Six repeatable outcomes appear across 2024-2026 literature: recognize AI in a research workflow, distinguish AI output from source-based evidence, evaluate accuracy, bias, and limitations, apply privacy and ethical guidelines, revise or reject AI output to match a research need, and explain at least one risk such as hallucination, bias, or data exposure3. Avoid assessments that only ask whether patrons feel confident.
A practical package can include a 5-to-10-item quiz, one scenario that asks learners to evaluate an AI-generated summary, one rubric-scored revision or critique, and one reflection prompt on ethics, bias, or privacy2. A pre/post comparison is optional but helps show change. Document scoring rules and check interrater consistency, since reliability reporting is often inconsistent2.
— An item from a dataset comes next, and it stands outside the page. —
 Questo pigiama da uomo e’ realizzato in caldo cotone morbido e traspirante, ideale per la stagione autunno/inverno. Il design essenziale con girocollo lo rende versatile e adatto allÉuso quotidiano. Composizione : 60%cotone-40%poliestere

A four-level rubric moves from Beginning to Advanced4. Two useful criteria are "Accuracy and evidence use" and "Bias and limitation detection." For accuracy, Beginning might recognize AI output without checking sources, Proficient identifies a specific missing citation or invented fact, and Advanced revises output to align with the source. For bias and limitation, Proficient names a specific limitation and its implication, while Beginning only states that AI can be biased.
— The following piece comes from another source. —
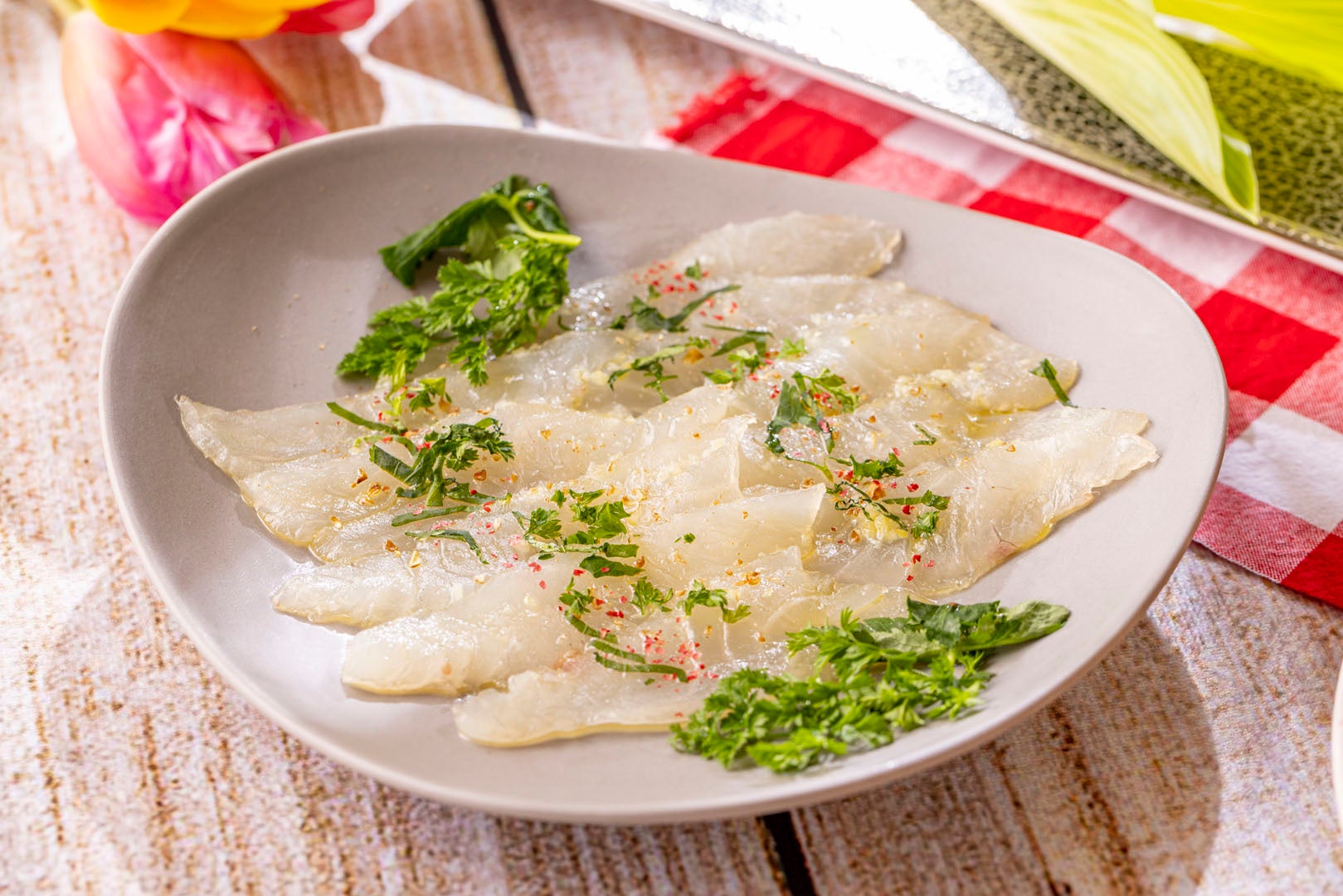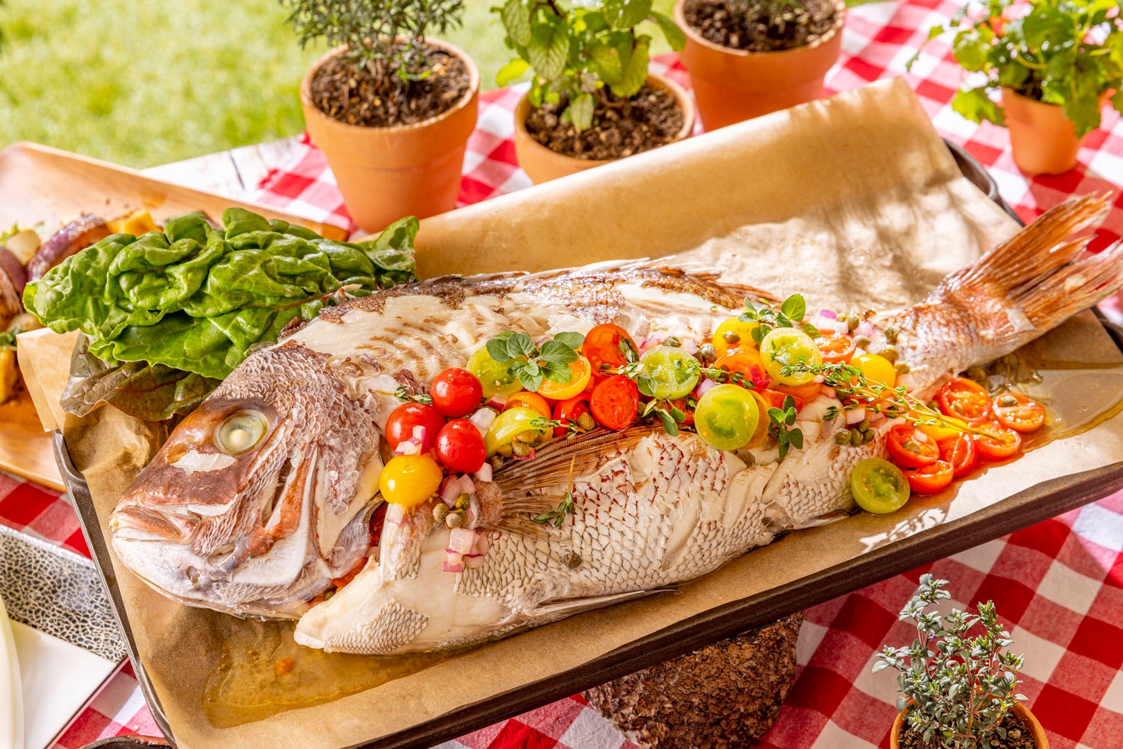 ハーブでマリネした鯛を丸ごと蒸し上げることで、身がふっくら。ケッカソースの酸味が淡白な鯛の旨みを際立たせます。

AI literacy is not one-size-fits-all. Public, academic, and school libraries teach the same core skills but shape them around the people in front of them. The difference is not whether to teach AI, but which questions matter most in each setting.
Public libraries focus on broad, low-barrier learning. Programs in 2024-2026 include one-time "AI 101" classes, pop-up demonstrations, and task-based workshops on job searching and résumé writing. Mesa Public Library offers a free collaborative training program for residents, while the Urban Libraries Council has supported pop-up AI programs and formal introductory classes. The Public Library Association curates AI policies, staff training, and patron training examples. A March 24, 2026 ALSC webinar, "Future-Ready Youth: Preparing Our Patrons to Navigate the Age of AI," shows the field expanding toward youth. The guiding question: What is AI, where do you encounter it, and how can it help with everyday tasks?
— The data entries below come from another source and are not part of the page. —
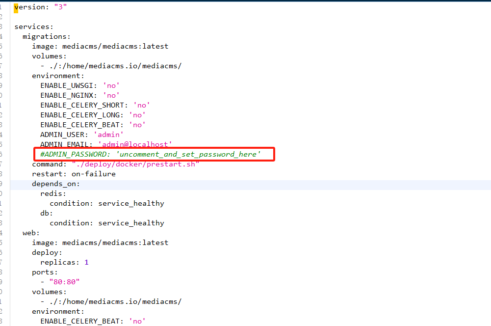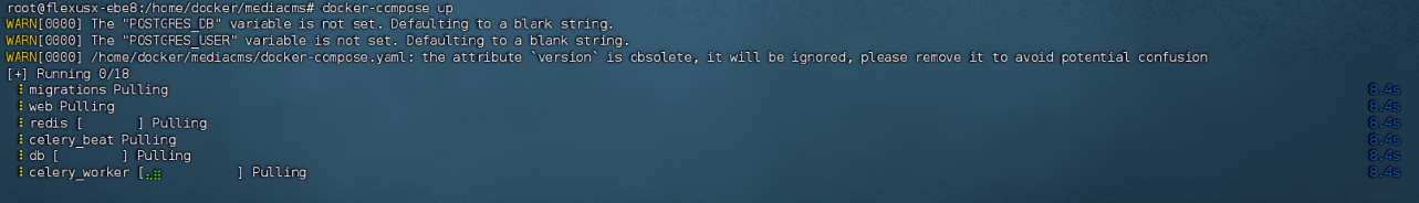 root@flexusx-ebe8:/home/docker/mediacms/mediacms-main# docker psCONTAINER ID IMAGE COMMAND CREATED STATUS PORTS NAMESroot@flexusx-ebe8:/home/docker/mediacms/mediacms-main# docker-compose up -dWARN[0000] The "POSTGRES_DB" variable is not set. Defaulting to a blank string.WARN[0000] The "POSTGRES_USER" variable is not set. Defaulting to a blank string.WARN[0000] /home/docker/mediacms/mediacms-main/docker-compose.yaml: the attribute `version` is obsolete, it will be ignored, please remove it to avoid potential confusion[+] Running 6/6 ✔ Container mediacms-main-redis-1 Healthy 30.7s ✔ Container mediacms-main-celery_beat-1 Started 0.4s ✔ Container mediacms-main-db-1 Healthy 10.2s ✔ Container mediacms-main-migrations-1 Started 30.9s ✔ Container mediacms-main-celery_worker-1 Started 31.2s ✔ Container mediacms-main-web-1 Started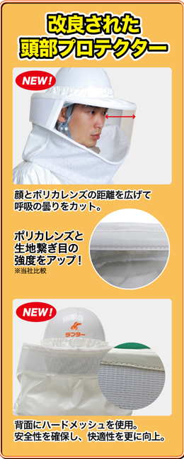 蜂の毒液や、殺虫剤が浸透しないつくりになっており、顔や頭部を 守ります。 周囲の視界が広く、作業性に優れているとともに、頭部の重量も軽量になっています。
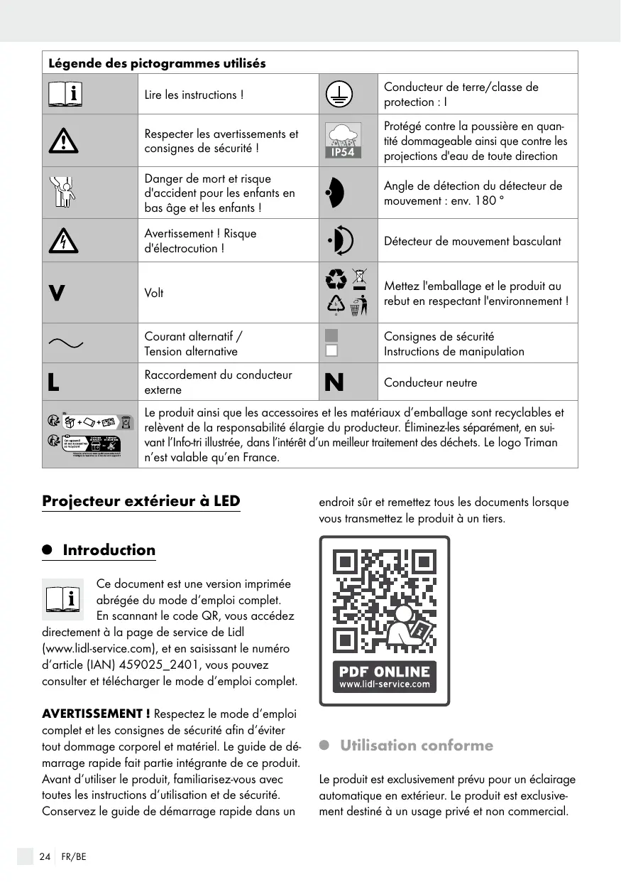 Courant alternatif / Tension alternative Consignes de sécurité Instructions de manipulation Raccordement du conducteur externe Conducteur neutre Le produit ainsi que les accessoires et les matériaux d’emballage sont recyclables et relèvent de la responsabilité élargie du producteur. Éliminez-les séparément, en suivant l’Info-tri illustrée, dans l’intérêt d’un meilleur traitement des déchets. Le logo Triman n’est valable qu’en France. Projecteur extérieur à LED endroit sûr et remettez tous les documents lorsque vous transmettez le produit à un tiers. Introduction Ce document est une version imprimée abrégée du mode d‘emploi complet. En scannant le code QR, vous accédez directement à la page de service de Lidl (www.lidl-service.com), et en saisissant le numéro d‘article (IAN) 459025_2401, vous pouvez consulter et télécharger le mode d‘emploi complet. AVERTISSEMENT ! Respectez le mode d‘emploi complet et les consignes de sécurité afin d‘éviter tout dommage corporel et matériel. Le guide de démarrage rapide fait partie intégrante de ce produit. Avant d‘utiliser le produit, familiarisez-vous avec toutes les instructions d‘utilisation et de sécurité. Conservez le guide de démarrage rapide dans un

Academic libraries take a methodical approach tied to scholarship. Guidance from ALA and ARL emphasizes selecting tools designed for accessibility and usability, citing AI outputs, applying bias evaluation frameworks, and building prompt toolkits. Choice360's competencies include "Should We Use AI?," "Prompting as Process," and "Verification as Scholarly Responsibility." The focus is on evaluating tools, documenting use, and applying AI responsibly in research.
School librarians adapt AI literacy into age-appropriate, scaffolded instruction. They emphasize verification, appropriate use, and source tracing, often through activities like a "Should we use AI?" decision exercise. Programs include University of Oklahoma's maker-based generative AI for kids in public libraries and University of South Carolina's open-access high school curriculum. Because students are minors, school librarians also add privacy and child-safety safeguards, teaching learners when AI is appropriate for a class assignment and how to verify its output.
AI creates opportunities for library research and services, but bias, privacy, and transparency must guide ethical practice.